It Is the Purple Season
California, the golden state, has weird seasons.
There is the green season, when all the mountains in the Bay Area turn green. The rain in the winter rejuvenated especially the open East Bay mountains.
There is the yellow season, when said mountains now are all a rusty yellow.
It happens almost overnight. One day you are driving home looking Eastward and admiring the grass in all shades of green. The next day, the mountains turned yellow and dry looking. The yellow season also means rattlesnakes and plenty of sunscreen. The yellow season lasts most of the year.
Towards September, we typically enter the orange and sometimes purple season.
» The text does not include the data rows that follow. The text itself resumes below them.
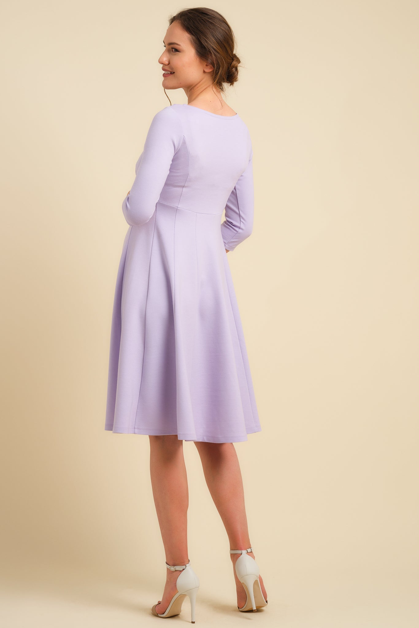 - Το φόρεμα είναι φτιαγμένο από κομψό ύφασμα με μαλακή υφή σε λιλά χρώμα
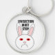 This keychain features the sad face of a white rabbit. This rabbit has a big frown on its face because it is a lab rabbit that has had cosmetics tested on it. The whites of its eyes are red and swollen. The design has been created to bring to attention the unnecessary suffering caused by the testing of cosmetics on animals. The black text between the ears of the bunny says, "vivisection must stop"
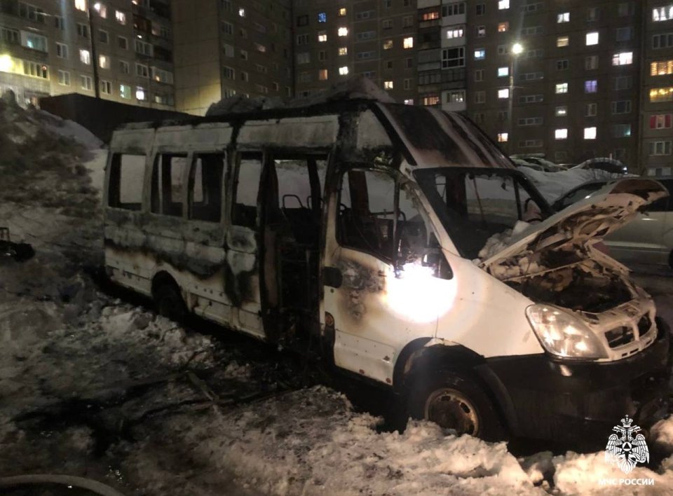 Минувшим вечером пожарные выезжали в мурманский двор. В районе дома № 45 на улице Маклакова огонь охватил припаркованный микроавтобус. Пламя распространилось не только по корпусу иномарки, но и проникло внутрь салона.
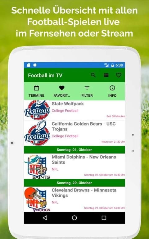 Pernahkah Anda kesal karena sepakbola ditayangkan di televisi dan Anda belum diaktifkan dalam permainan di tengah? Itu tidak terjadi Anda dengan aplikasi ini. Di sini Anda dapat menemukan semua tanggal yang Football hidup acara TV.
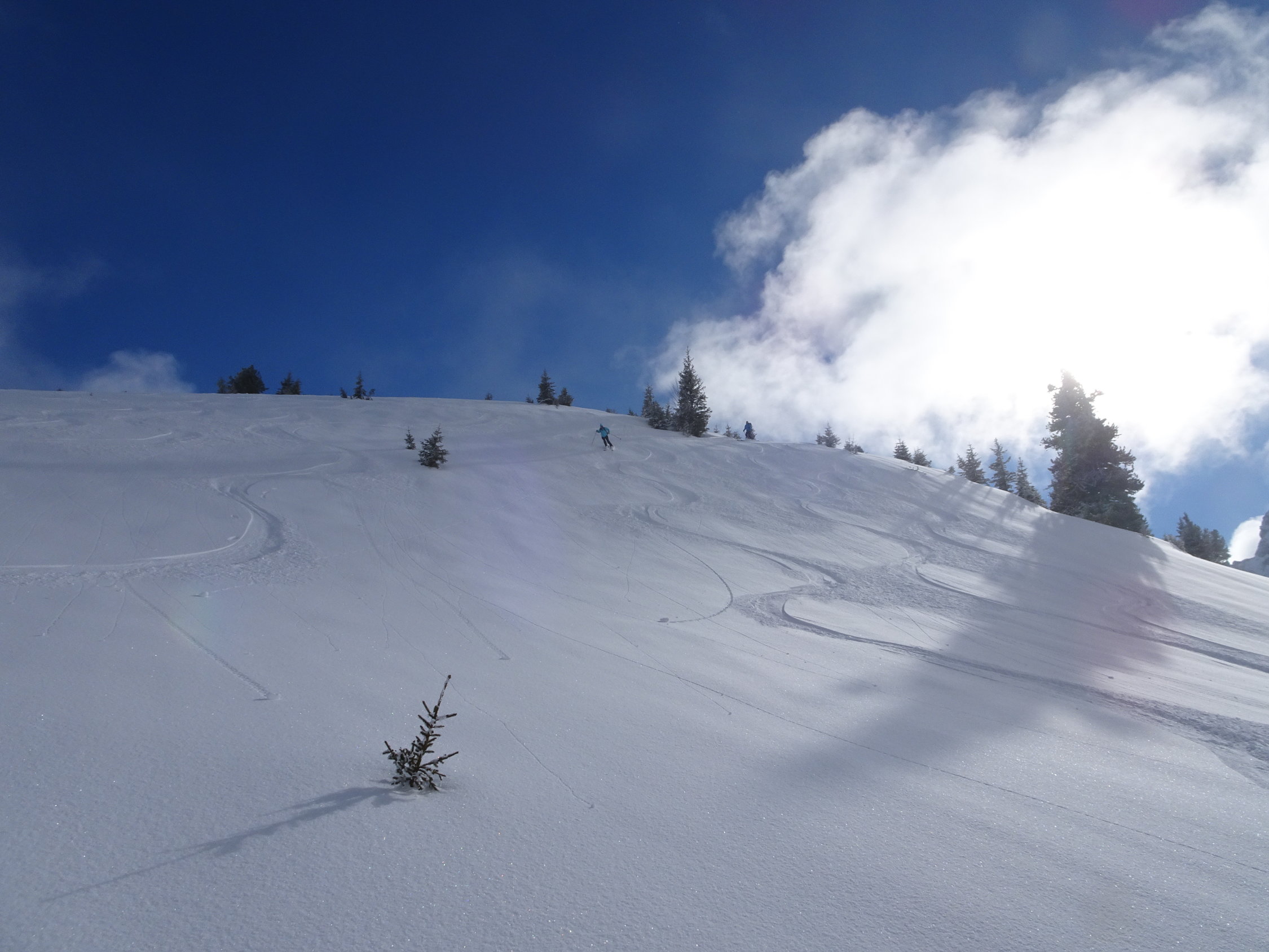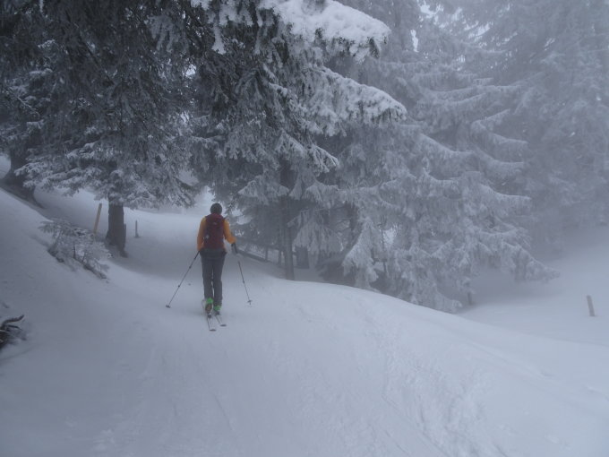 Waldweg tiptop (immer noch Variante links der grossen Lawine wählen). Darüber von 1600-1800 im dicken Nebel. Die paar cm Pulver hat es im Nebel ziemlich gebacken, das geht Richtung Nassschnee, Unterlage nicht überall tragend. Prädikat: "schaffig". Oberhalb 1800 meist über dem Nebel, ca 5cm Pulver auf tragender Unterlage. Herrlich zum schauen, herrlich zum fahren, das meiste jetzt wohl aber verfahren.
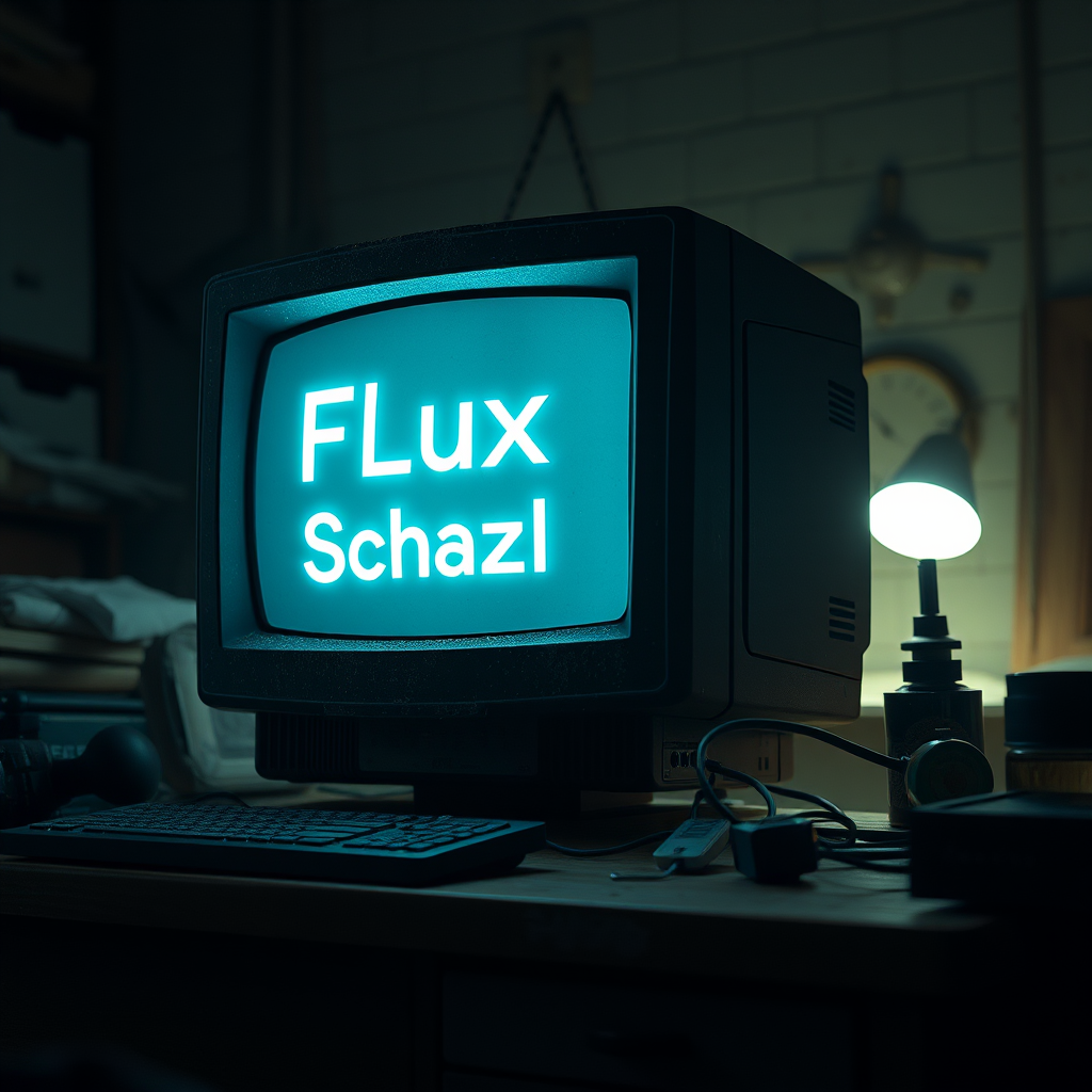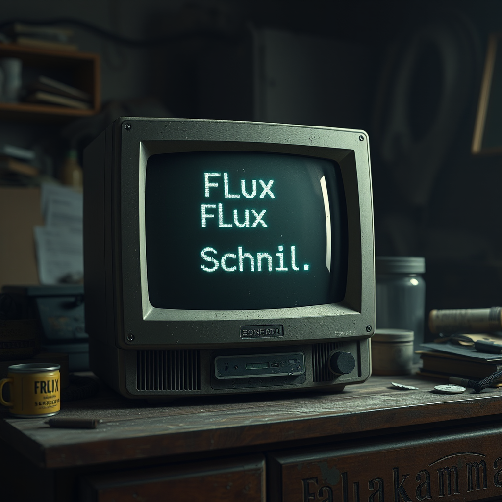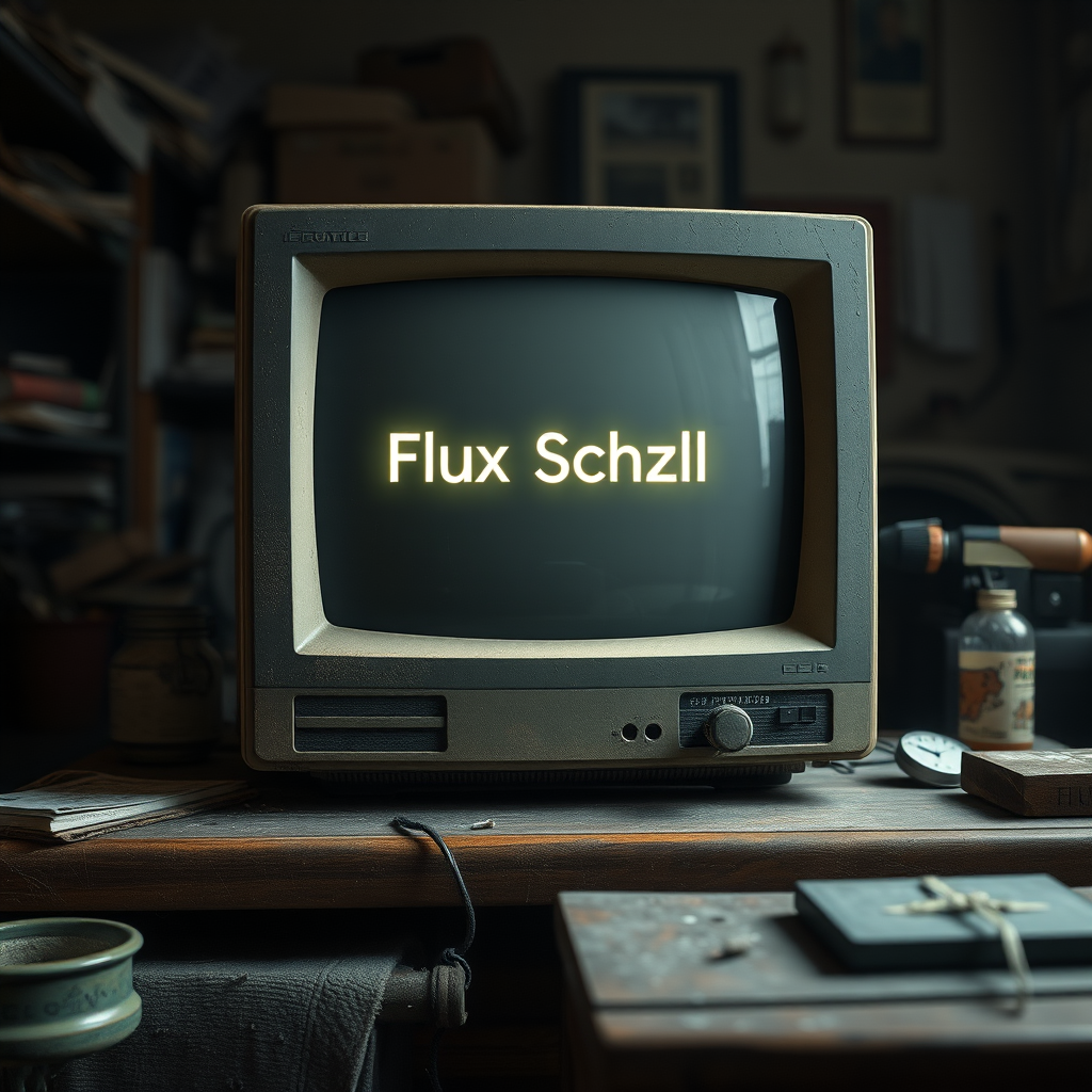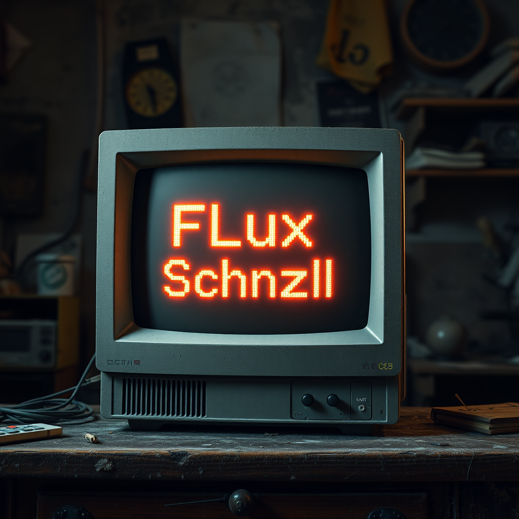 detailed cinematic dof render of an old dusty detailed CRT monitor on a wooden desk in a dim room with items around, messy dirty room. On the screen are the letters "FLUX Schnell" glowing softly. High detail hard surface render

Orange for the apocalyptic skies, when the smoke of the forest fires across the state block the sunlight and bring doom to the Bay Area.
Purple for the hazardous air quality index score. This is the season when the AQI will hit above 100 by noon. This is the season when you live indoors, mostly cooking in our own sweat until we can cool of the house in the evening.
Purple Air right now in Silicon Valley and the SF Bay Area. If you have a forced air heater, it's a good time to run just the filter to clean up your inside air. Makes a huge difference. https://t.co/vXmBK5vG1d pic.twitter.com/2GvyXcCgeO
— MaryPopeHandy (@MaryPopeHandy) August 27, 2021
The last few days we entered the purple season, as winds shifted and sent the smoke from the Dixie and Caldor fires down South towards the Bay Area. Today, the AQI was 160 in San Jose. We’ve seen in much worse. Yet above 100 also means, no cycling, no running and no sitting outside on the patio.
Time to rake the forests.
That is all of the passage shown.